In obstructive uropathy, the upper tracts are subjected to high pressures in the intrauterine life. This affects the development of the kidneys and cystic renal dysplasia ensues. However, protective mechanisms do exist to prevent this irreversible damage to the kidneys. These protective mechanisms include vesicoureteral reflux, bladder diverticuli and urine extravasation.2 Extravasation at the level of the fornices may result in urinoma formation around the kidneys, which may remain contained or communicate freely with the peritoneal cavity, leading to urinary ascites.
Urinary ascites is an emergency, as the peritoneal membrane acts as a filter and absorbs urea, creatinine and also allows the exchange of electrolytes. Typical blood biochemistry arises with the elevation of serum urea and creatinine, hyponatremia, and hyperkalemia. Thus, urinary ascites should be suspected in a neonate who presents with ascites and this blood biochemistry.3
USG is the first choice investigation as it clearly demonstrates the changes in the urinary tract and confirms ascites.
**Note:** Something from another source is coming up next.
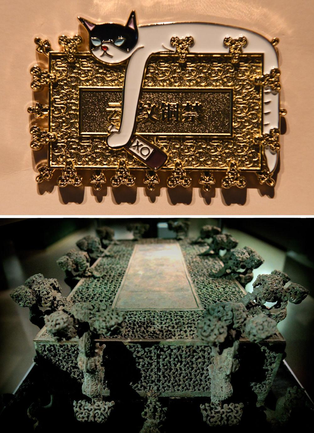 拼版照片:上图为河南博物院推出的“云纹铜禁”冰箱贴(2022年5月17日摄);下图为河南博物院展出的展品“云纹铜禁”(2019年11月18日摄)。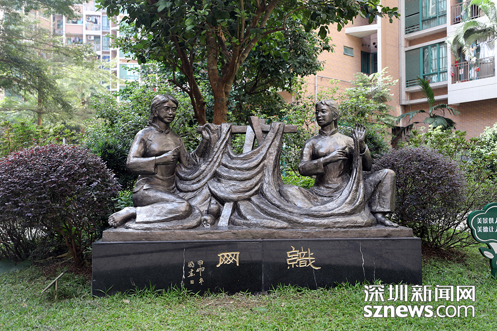位于社區(qū)內(nèi)的“織網(wǎng)”銅塑展示著漁民村改革開放前村民的生活日常

Findings on USG include hydroureteronephrosis, urinomas, ascites, changes in bladder in the form of thickening of the bladder wall, diverticuli, and dilated posterior urethra.
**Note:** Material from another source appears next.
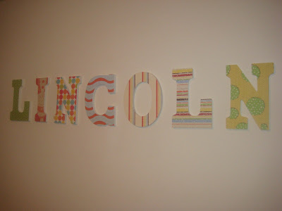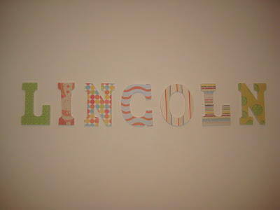 I had a theme and paint colors all picked out for the kids’ rooms but Ty thinks it’s not worth it to paint since we (hopefully) won’t be here too long…so I decided since Lincoln’s walls are pretty bare and white that I’d make his name in letters. It gave me something to do and it was way cheaper than buying them from online.

VCUG is the modality of choice for demonstration of anatomy of the lower urinary tract, allowing confirmation of diagnosis of PUV, changes in the bladder, vesicoureteral reflux (VUR), and actual extravasation of the contrast from a rent in the bladder wall. Bladder changes for longstanding urethral obstruction include a large capacity or a contracted bladder with trabeculations, sacculations or diverticula. There may be associated bladder neck hypertrophy seen as narrowing at the bladder neck. Unilateral or bilateral VUR of varying grades with periureteral diverticula may also be noted. During voiding, fusiform dilatation of the posterior urethra is noted with abrupt narrowing at the level of the valves which may sometimes be noted as filling defects in the urinary stream. Associated findings in the dilated posterior urethra include enlarged verumontanum, thickened plicae colliculi and prominent superior mucosal plications.4
Although not indicated for diagnosis of PUV, renal isotope studies provide useful information about renal function lacking with other investigations and can differentiate obstructive from nonobstructive uropathy. Urinoma and urinary ascites can be identified in delayed images.4
Management has to be prompt with the basic aim of achieving decompression of the urinary tract. This may be accomplished by abdominal paracentesis, catheter drainage, or surgical exploration and repair of the bladder wall. Indications of abdominal paracentesis include respiratory distress and sepsis.5,6 Catheter drainage by urethral route with or without vesicostomy achieves healing in most patients in 10-14 days, following which the fulguration of the PUV is attempted. Catheter drainage fails in ruptures with large rents and continued leak, loculated ascites, and inadequate decompression of the upper tracts. These patients require surgical exploration, as in our patient, and repair of the defect. However, in our case, no defect could be identified in the bladder wall on surgical exploration, probably because of the marked hypertrophy of the bladder wall. A higher diversion in the form of bilateral loop ureterostomies could stabilize the patient. Prognosis depends on the age at diagnosis and the extent of changes in the urinary tract.
Acknowledgements
The authors reported no conflict of interest and no funding was received for this work.